A successful angiosperm pollen grain (gametophyte) containing the male gametes is transported to the stigma, where it germinates and its pollen tube grows down the style to the ovary. Its two gametes travel down the tube to where the gametophyte(s) containing the female gametes are held within the carpel. One nucleus fuses with the polar bodies to produce the endosperm tissues, and the other with the ovule to produce the embryoHence the term: "double fertilization".

Introduction
In gymnosperms, the ovule is not contained in a carpel, but exposed on the surface of a dedicated support organ, such as the scale of a cone, so that the penetration of carpel tissue is unnecessary. Details of the process vary according to the division of gymnosperms in question. Two main modes of fertilization are found in gymnosperms. Cycads and Ginkgo have motile sperm that swim directly to the egg inside the ovule, whereas conifers and gnetophytes have sperm that are unable to swim but are conveyed to the egg along a pollen tube.
The study of pollination brings together many disciplines, such as botany, horticulture, entomology, and ecology. The pollination process as an interaction between flower and pollen vector was first addressed in the 18th century by Christian KonradSprengel. It is important in horticulture and agriculture, because fruiting is dependent on fertilization: the result of pollination. The study of pollination by insects is known as anthecology.
Pollen germination has three stages; hydration, activation and pollen tube emergence. The pollen grain is severely dehydrated so that its mass is reduced enabling it to be more easily transported from flower to flower.
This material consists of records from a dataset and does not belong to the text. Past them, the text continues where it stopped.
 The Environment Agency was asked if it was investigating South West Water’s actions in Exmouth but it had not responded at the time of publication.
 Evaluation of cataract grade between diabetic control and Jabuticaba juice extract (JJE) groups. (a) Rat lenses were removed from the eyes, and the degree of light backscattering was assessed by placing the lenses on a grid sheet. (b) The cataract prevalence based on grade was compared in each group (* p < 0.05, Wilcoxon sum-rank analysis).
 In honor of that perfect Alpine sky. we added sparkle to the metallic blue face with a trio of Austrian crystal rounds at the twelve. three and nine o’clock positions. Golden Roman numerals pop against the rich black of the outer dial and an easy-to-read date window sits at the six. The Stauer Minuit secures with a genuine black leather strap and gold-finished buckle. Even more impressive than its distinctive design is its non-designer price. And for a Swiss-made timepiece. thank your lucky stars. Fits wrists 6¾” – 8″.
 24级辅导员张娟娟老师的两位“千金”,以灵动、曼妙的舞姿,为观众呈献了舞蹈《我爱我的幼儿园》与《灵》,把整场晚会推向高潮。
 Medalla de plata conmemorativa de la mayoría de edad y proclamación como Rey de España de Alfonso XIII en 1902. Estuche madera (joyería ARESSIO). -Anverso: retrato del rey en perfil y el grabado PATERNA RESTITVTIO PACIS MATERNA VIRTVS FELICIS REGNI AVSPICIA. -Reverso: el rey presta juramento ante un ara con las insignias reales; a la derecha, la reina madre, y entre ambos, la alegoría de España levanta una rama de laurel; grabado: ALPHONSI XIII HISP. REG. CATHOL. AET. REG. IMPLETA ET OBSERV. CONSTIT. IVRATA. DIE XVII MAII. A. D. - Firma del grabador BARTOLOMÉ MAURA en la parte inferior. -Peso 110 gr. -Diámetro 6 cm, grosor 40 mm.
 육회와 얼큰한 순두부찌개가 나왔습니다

Germination only takes place after rehydration, ensuring that premature germination does not take place in the anther. Hydration allows the plasma membrane of the pollen grain to reform into its normal bilayer organization providing an effective osmotic membrane. Activation involves the development of actin filaments throughout the cytoplasm of the cell, which eventually become concentrated at the point from which the pollen tube will emerge. Hydration and activation continue as the pollen tube begins to grow.
In conifers, the reproductive structures are borne on cones. The cones are either pollen cones (male) or ovulate cones (female), but some species are monoecious and others dioecious. A pollen cone contains hundreds of microsporangia carried on (or borne on) reproductive structures called sporophylls. Spore mother cells in the microsporangia divide by meiosis to form haploid microspores that develop further by two mitotic divisions into immature male gametophytes (pollen grains). The four resulting cells consist of a large tube cell that forms the pollen tube, a generative cell that will produce two sperm by mitosis, and two prothallial cells that degenerate. These cells comprise a very reduced microgametophyte, that is contained within the resistant wall of the pollen grain.
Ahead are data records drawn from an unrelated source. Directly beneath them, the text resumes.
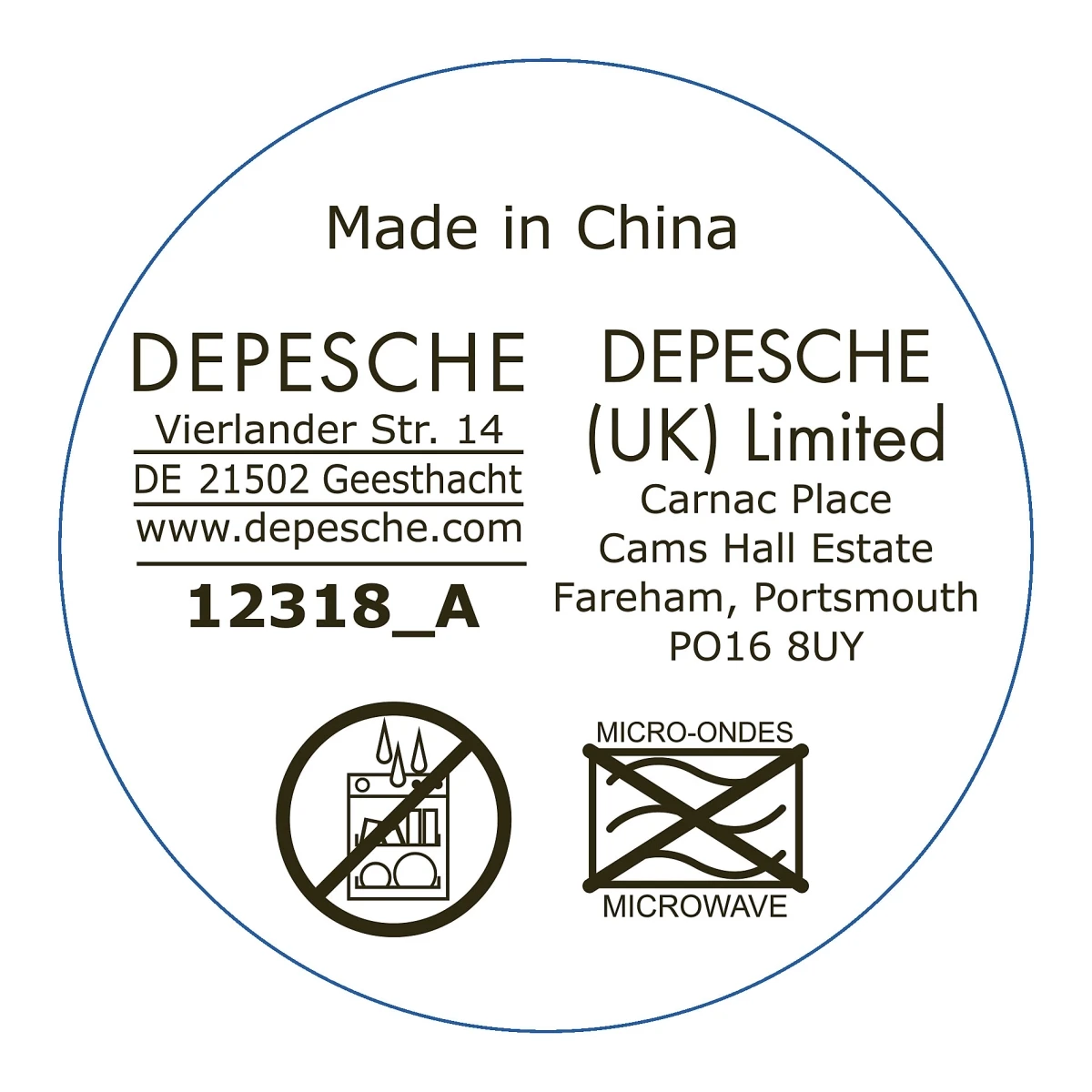 Aufgrund des Aufdrucks wird das Spülen per Hand empfohlen. Nicht geeignet für die Mikrowelle.
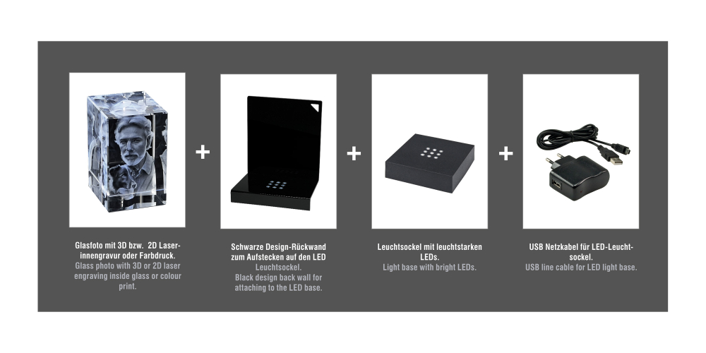 3D Glasfoto Set mit Beleuchtung Gr. S
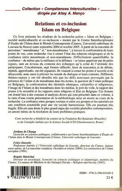 A partir de la rencontre de personnes "musulmanes" et "non-musulmanes", à travers la confrontation de leurs points de vue, cette recherche vise à cerner l'état des relations réciproques et de la confiance entre musulmans et non-musulmans. Différents thèmes y sont abordés, tels que la question de l'islam politique en Belgique, la confrontation des identités ethniques, culturelles et religieuses, l'image de l'Islam et des musulmans dans les médias, le port du voile, le rapport des jeunes à la sexualité.
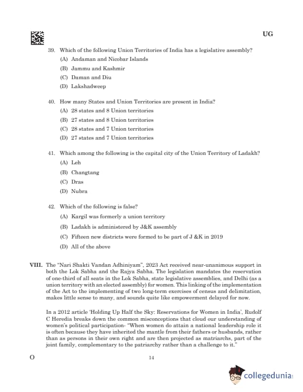 Passage VIII: The "Nari Shakti Vandan Adhiniyam", 2023 Act received near-unanimous support in both the Lok Sabha and the Rajya Sabha. The legislation mandates the reservation of one-third of all seats in the Lok Sabha, state legislative assemblies, and Delhi (as a of one-third of all seats in the Lok Sabha, state legislative assemblies, and Delhi (as a union territory with an elected assembly) for women. This linking of the implementation of the Act to the implementing of two long-term exercises of census and delimitation, makes little sense to many, and sounds quite like empowerment delayed for now.
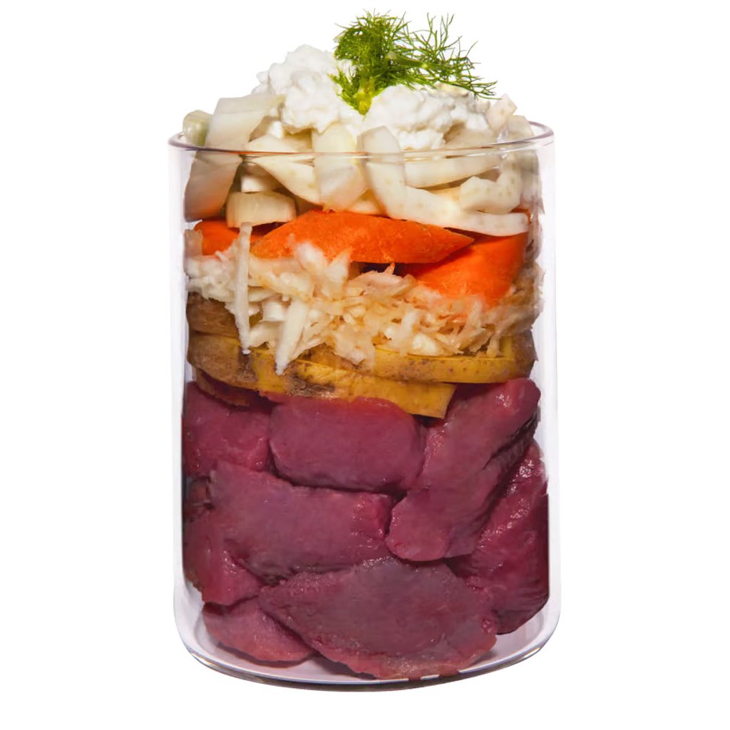 Libové maso je doplněno bramborem, mrkví, fenyklem, probiotickým tvarohem a kokosovou moukou. Menu doplňují zdravé bylinky jako je heřmánek, měsíček, minerální jíl a olej z černých semínek.

The pollen grains are dispersed by the wind to the female, ovulate cone that is made up of many overlapping scales (sporophylls, and thus megasporophylls), each protecting two ovules, each of which consists of a megasporangium (the nucellus) wrapped in two layers of tissue, the integument and the cupule, that were derived from highly modified branches of ancestral gymnosperms. When a pollen grain lands close enough to the tip of an ovule, it is drawn in through the micropyle( a pore in the integuments covering the tip of the ovule) often by means of a drop of liquid known as a pollination drop.
The pollen enters a pollen chamber close to the nucellus, and there it may wait for a year before it germinates and forms a pollen tube that grows through the wall of the megasporangium (=nucellus) where fertilisation takes place. During this time, the megaspore mother cell divides by meiosis to form four haploid cells, three of which degenerate. The surviving one develops as a megaspore and divides repeatedly to form an immature female gametophyte (egg sac). Two or three archegonia containing an egg then develop inside the gametophyte. Meanwhile, in the spring of the second year two sperm cells are produced by mitosis of the body cell of the male gametophyte. The pollen tube elongates and pierces and grows through the megasporangium wall and delivers the sperm cells to the female gametophyte inside. Fertilisation takes place when the nucleus of one of the sperm cells enters the egg cell in the megagametophyte’sarchegonium.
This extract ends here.